Reading About Writing: How to Write a Novel, by Nathan Bransford

What Writing Book Did I Read This Month?
How to Write a Novel: 47 Rules for Writing a Stupendously Awesome Novel That You Will Love Forever, by Nathan Bransford
The most important thing to know about writing a novel is this: You can do it. And if you've already written one, you can write an even better one. Author and former literary agent Nathan Bransford shares his secrets for creating killer plots, fleshing out your first ideas, crafting compelling characters, and staying sane in the process.

Why Did I Pick That Book?
I've followed Mr. Bransford's blog for years. He offers great advice and insight into the publishing process. In fact, while I was happy for him when he sold his first novel, I was really sad to see him change his title to "former literary agent" because he was on my list of top agents I would really love to work with someday. He was actually one of the first agents I ever queried.

In related news, he was also one of the first agents to ever send me a rejection letter. Which just shows how much smarter than me he is, given that I refer to that book as the Epic High Fantasy Trilogy of Doom, Book One.

What Did I Think of It?
Overall I enjoyed this book. Having followed the blog for years, there wasn't exactly a whole lot of new information here, but I liked having it all pulled together and organized. Blog topics sort of pop up and jump around as they're relevant to the industry or questions that keep getting asked. That's the nature of blogging and it's all well and good, but it doesn't make for a very good view of the big picture. Having Mr. Bransford's advice organized around the writing process, rather than chronologically on the blog, gave me a whole new perspective on his methodology and recommendations.

What Did I Learn from It?
I suppose the biggest thing I learned from this books is that I have a pretty good handle on the overall writing process. This book is very general, geared, I think, toward new writers still fumbling their way through what to do once they've had that "hey, maybe this voice knocking around in my head is trying to tell me a story and I should probably write some of that down" ah-ha moment. While I did pick some nifty little tips and tricks up here and there, for the most part I read this book and got a nice affirmation that I (mostly) know what I'm doing.

That might sound trivial, or obvious, but it's really not. I don't know about you, but I'm frequently plagued by the fear that I'm doing this writing thing all wrong, that I'm never going to figure it out, and that one day the whole mess is just going to blow up in my face and splatter me with word shrapnel. Having someone I respect as a professional in the industry confirm my notions about how things are supposed to work is a huge help.

Would I Recommend This Book to Another Writer?
Yes. It's funny and practical and a very good overview of the steps, choices, and emotional turmoil involved in writing a novel. I'd especially recommend it to newer writers. It occurs to me that sitting here at the end of NaNoWriMo, the world is jammed full of folks who just tried their hand at writing a novel for the very first time. I don't know about the rest of you, but I finished up my first NaNoWriMo with a mixed up jumble of elation at having accomplished as much as I did (however little that ended up being), disappointment that I didn't manage to pull off something crazily beyond human capability, complete and total exhaustion, and a whopping dose of fear about what came next.

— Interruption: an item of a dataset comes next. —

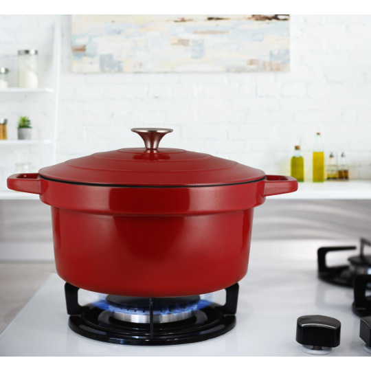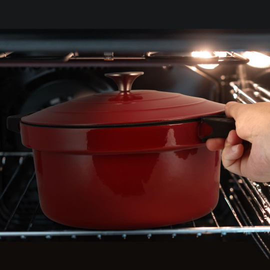 Súčasťou elektrického multicookera je OvenSafe® liatinový smaltovaný vnútorný hrniec, ktorý odoláva teplotám až 250°C a hodí sa aj pre použitie v rúre či na rôznych typoch sporákov. Liatina oplýva schopnosťou absorbovať teplo a odovzdávať ho surovinám vo vnútri, ktoré sa tak pripravujú pri konštantnej teplote. Dochádza k úspore energie a tým aj peňazí. Šťavnatosť a chrumkavosť jedlám zaisťuje špeciálna pokrievka, ktorá je navrhnutá tak, aby dochádzalo k rovnomernej distribúcii vlhkosti vo vnútri hrnca.
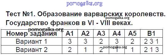 Готовые ответы - История средних веков 6 класс контрольно-измерительные материалы (КИМ) Чернова М.Н. - тест 1

This is a great guide book, giving a nice overview of the whole writing process, from the first big idea to potential publication and then some. There's a lot of information in here and a lot of encouragement too, from someone who has been in the business for years. If you're a new writer dealing with fear of the unknown or an experienced writer looking to get some perspective on the whole process, this is a great book for you.